Actually....it has been modified...by my grandpa. It was just the regular WM and he built the crank (cut it from a woodstove lifter, the handle thingie for taking burner-plates off),he was a welder and talented homesteader too,then he reinforced the mounting hardware for the crank. It is very cool...It is OLD>>>at least 20 years. I have replaced the drum and paddle a couple times, and that is it. 

My cousins are all jealous that this cool machine was given to ME and not them...but do THEY have milk? no. Plus, I asked my grandma nicely!

Now I am thinking of my grandparents...sigh. Must be time to make icecream!


----------



## gone-a-milkin (Mar 4, 2007)

Okay, I just went and fished it down from the pantry. It looks like the only part on it is WM is the MOTOR. It must be a good motor though, or he wouldn't have used it. The wooden barrel is made in Virginia, and you can see where he drilled new holes for the mounting hardware. Sorry to confuse you! 
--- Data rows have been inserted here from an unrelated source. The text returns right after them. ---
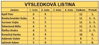 Celkové výsledky: 1. - 2. Michaela Tůmová, Magdaléna Adamcová – 28 b., 3. - 4. Kateřina Bánovská, Dominik Jurášek – 27 b., 5. - 6. Daniel Mach, Beáta Čubová – 24 b., 7. Richard Stalmach – 22 b., 8. – 10. Josef Matula, Daniel Dias, Alice Urbišová – 20 b., 11. Lucie Dudková – 19 b., 12. – 13. Tomáš Konečný, Melánie Horká – 18 b., 14. Dalibor Motyčka – 17 b., 15. Simona Lukáčová – 16 b., 16. – 17. Jakub Mandys, David Czap – 15.b.
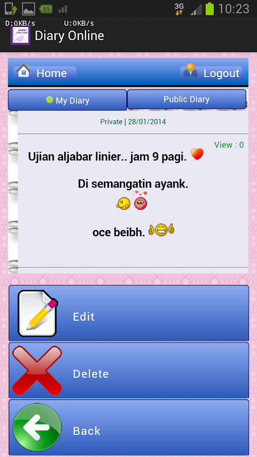Tags : girs diary, cute diary, notes online, note online, paper online, memories book, buku catatan online, notepad, life diaryNow you can write your diary or notebook with online access, easy for use. And guide the data is permanently in the database online diary.
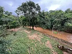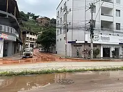 The Taúbas neighborhood in Ipatinga was left isolated as access to the area was blocked.[22] In Santana do Paraíso, landslides interrupted access to the municipality of Mesquita[23] and to the district of Bom Jesus do Bagre in Belo Oriente.[24] In addition to landslides, heavy rains caused flooding and inundations in several locations, with homes, businesses, and public buildings being invaded by water.[25] The overflowing water bodies in Ipatinga, especially the Ipanema stream, which traverses the city, caused floods in various neighborhoods, with Veneza being one of the hardest hit.[26][27]

I sure do miss that man! He always gave the best advice...and he could build anything.


----------



## MamaDee (May 10, 2006)

That is such a cool story. It seems the old White Mountain products are better than the current version. I don't know if it has something to do with Rival buying them or if it's just a sign of the times........sigh. 

But, they're probably still the best out there. Unless you want to spend
$600. I did see some of those--can't remember the brand. My range is more like $75-$175.

Reminds me, I should call our local radio country store...maybe someone has an old WM sitting around somewhere!

Dee


----------